* _WHAT YOU ARE ASKED TO DO_: The result should hold only the lines from the one with "Veľký vyhadzovací komínAby" through the final line of the data below, transcribed exactly, pictures left out.

Stored data
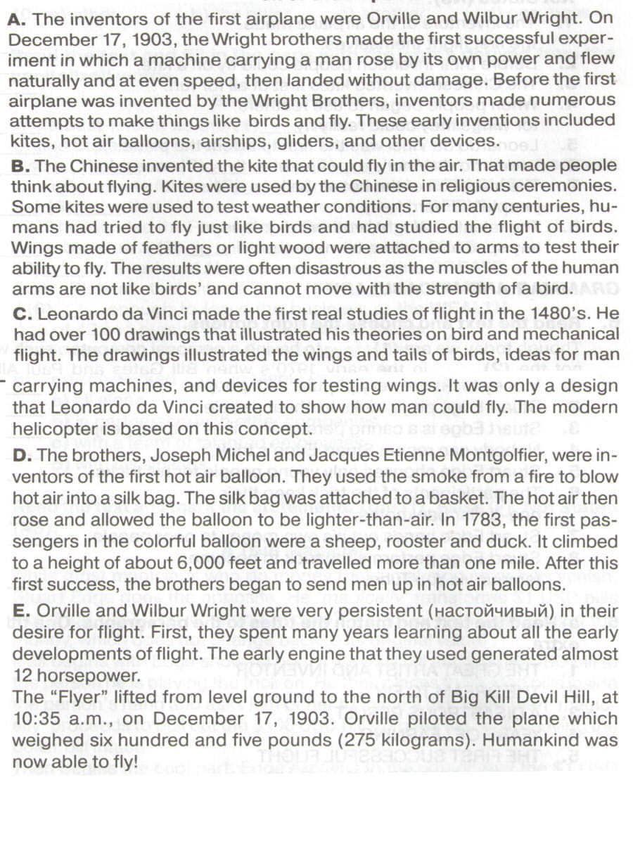 Изобретатели первого самолета были Орвилл и Уилбур Райт. 17 декабря 1903 года братья theWright сделал первый успешный EXPER MENT, в которой машина проведения Амана розы своей собственной силой и полетела естественно andateven скорость, а затем приземлился без повреждений. Перед первым самолетом была изобретена братьями Райт, авторы предпринимали многочисленные попытки сделать вещи IKE птиц andfly. Theseeary изобретения включены воздушные змеи, горячие воздушные шары, дирижабли, планеры и другие устройства B. Китайцы изобрели воздушный змей, который мог Flyin воздух. Это заставило людей думать о полете. Змеи были использованы китайцами в религиозных церемониях. Некоторые воздушные змеи были использованы для проверки погодных условий. На протяжении многих веков, гу- Ман пытался летать так же, как птицы и изучал полет птиц крылья из перьев или светлого дерева были прикреплены к оружию, чтобы проверить их способность летать. Результаты были часто катастрофические последствия, как мышцы человеческих рук не как птицы »и не может двигаться с силой птицы С Леонардо да Винчи сделал первые реальные исследования flightin 1480-х. У него было более 100 рисунков, иллюстрирующие его теорию на птицу и механического полета. Чертежи проиллюстрированы крылья и хвосты птиц, идеи для человека, несущего машин и устройств для тестирования крыльев. л был только дизайн, что Леонардо да Винчи создал, чтобы показать, как человек мог летать. Современный вертолет базируется на этой концепции Д. братьев, Джозеф Мишель и Жак Этьен Монгольфье, были в entors первого воздушном шаре. Они использовали дым от пожара дуть горячий воздух в silkbag. Thesilk сумка была прикреплена Тоа корзины Затем горячий воздух поднялся и позволил воздушный шар, чтобы быть легче, чем воздух в 1783 году, первые па Sengers в красочном воздушном шаре были овцы, петух и утка. Он поднялся на высоту около 6000 футов и проехал более одной мили. После этого первого успеха, братья начали посылать людей в воздушных шарах E. Орвилл и Уилбур Райт были очень настойчивы (настойчивый) в своем стремлении к полету. Во-первых, они потратили много лет изучения всех ранних разработок полета. Ранний двигатель, который они использовали генерироваться почти на 12 лошадиных сил. "Флаер" снят с уровня земли к северу от Большого Kill Devil Hill, в 10:35 утра 17 декабря 1903 года Орвилл пилотировал самолет, который весил шестьсот пять фунтов (275 кг). Человечеству теперь умеет летать!
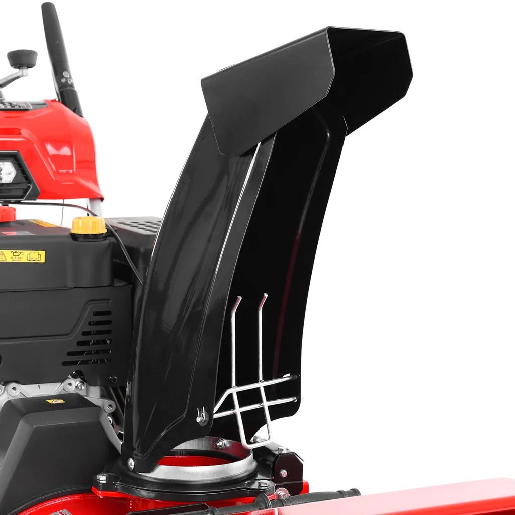 Veľký vyhadzovací komínAby mohla fréza spoľahlivo pracovať aj za tých najdrsnejších podmienok bez neustáleho upchávania, je vybavená veľkým a širokým, oceľovým komínom. Aj vďaka konštrukcii komína môže byť sneh odhodený až na vzdialenosť 15 m. Oceľová konštrukcia takisto zvyšuje bezpečnosť, ak by nože nabrali v snehu ukrytý predmet. Spodná časť komína je vnútri vybavená bezpečnostnou mriežkou. Tá je pohyblivá, tak že nevadí pri vyhadzovaní snehu, zároveň však zabráni vniknutiu ruky k nožom druhého stupňa, ak by obsluha nedodržala pokyny pre bezpečné použitie. Komín je úplne ovládaný pomocou prvkov na hlavnom paneli frézy. Otáčať možno v rozsahu 190°. Rovnako tak je možné priamo na paneli obsluhy diaľkovo ovládať vrchný deflektor, ktorý riadi dĺžku vyhadzovania. |
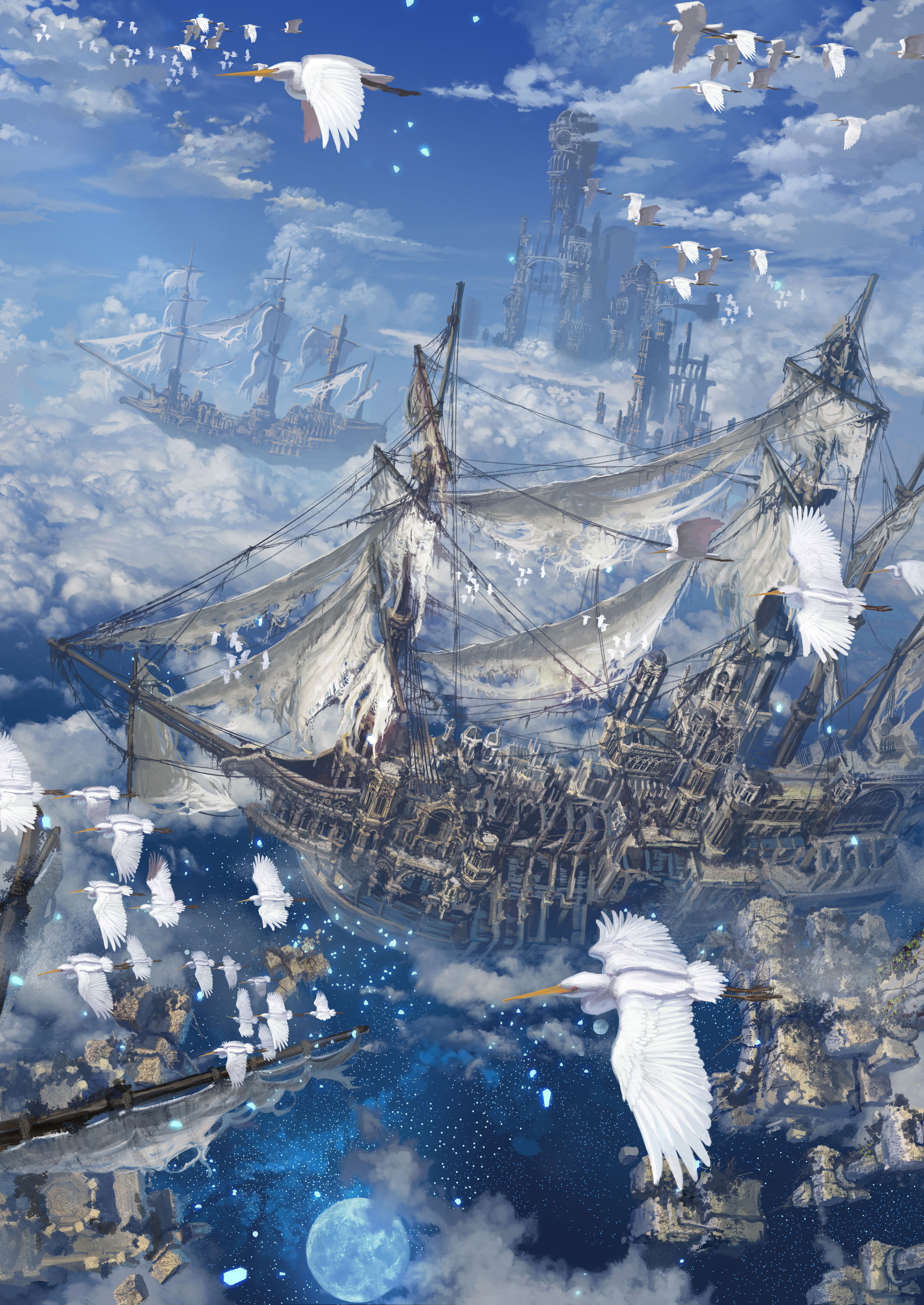 absurdres bird boat cloud fantasy full_moon highres moon no_humans original reishin_(tenpurasoba) scenery sky star_(sky) watercraft
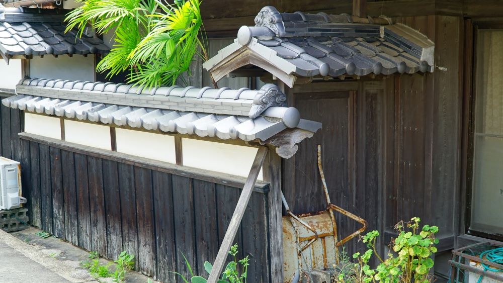 白壁造りの民家。
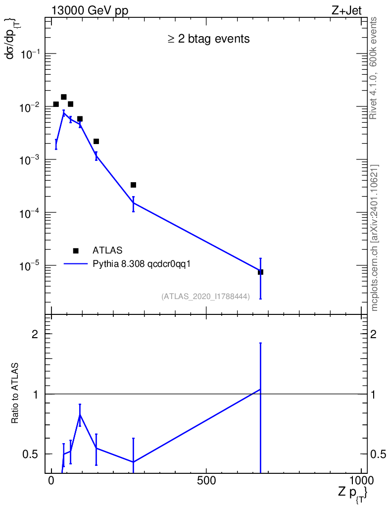 Lines: data, pythia8 8.308 qcdcr0qq1 |
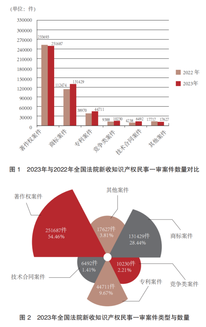 全國法院新收知識產(chǎn)權(quán)民事一審案件462176件,審結(jié)460306件,比2022年分別上升5.4%和0.55%。
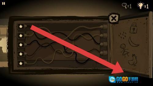 2、配电箱解谜(第二张),记住门内侧的图案(月亮、鸡),按照顺序梳理电线;试错时不用慌张,重置按钮在角落位置。
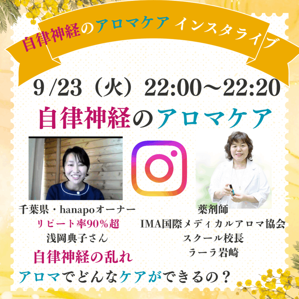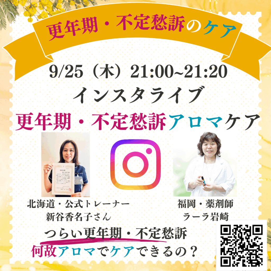 秋🍀自律神経のケア🌺更年期・不定愁訴のケア🍀全部アロマでできますよ~♪&本日22:00、25日21:00インスタライブでお話しします

* _SOLUTION_:
 Veľký vyhadzovací komínAby mohla fréza spoľahlivo pracovať aj za tých najdrsnejších podmienok bez neustáleho upchávania, je vybavená veľkým a širokým, oceľovým komínom. Aj vďaka konštrukcii komína môže byť sneh odhodený až na vzdialenosť 15 m. Oceľová konštrukcia takisto zvyšuje bezpečnosť, ak by nože nabrali v snehu ukrytý predmet. Spodná časť komína je vnútri vybavená bezpečnostnou mriežkou. Tá je pohyblivá, tak že nevadí pri vyhadzovaní snehu, zároveň však zabráni vniknutiu ruky k nožom druhého stupňa, ak by obsluha nedodržala pokyny pre bezpečné použitie. Komín je úplne ovládaný pomocou prvkov na hlavnom paneli frézy. Otáčať možno v rozsahu 190°. Rovnako tak je možné priamo na paneli obsluhy diaľkovo ovládať vrchný deflektor, ktorý riadi dĺžku vyhadzovania. |
 absurdres bird boat cloud fantasy full_moon highres moon no_humans original reishin_(tenpurasoba) scenery sky star_(sky) watercraft
 白壁造りの民家。
 Lines: data, pythia8 8.308 qcdcr0qq1 |
 全國法院新收知識產(chǎn)權(quán)民事一審案件462176件,審結(jié)460306件,比2022年分別上升5.4%和0.55%。
 2、配电箱解谜(第二张),记住门内侧的图案(月亮、鸡),按照顺序梳理电线;试错时不用慌张,重置按钮在角落位置。
 秋🍀自律神経のケア🌺更年期・不定愁訴のケア🍀全部アロマでできますよ~♪&本日22:00、25日21:00インスタライブでお話しします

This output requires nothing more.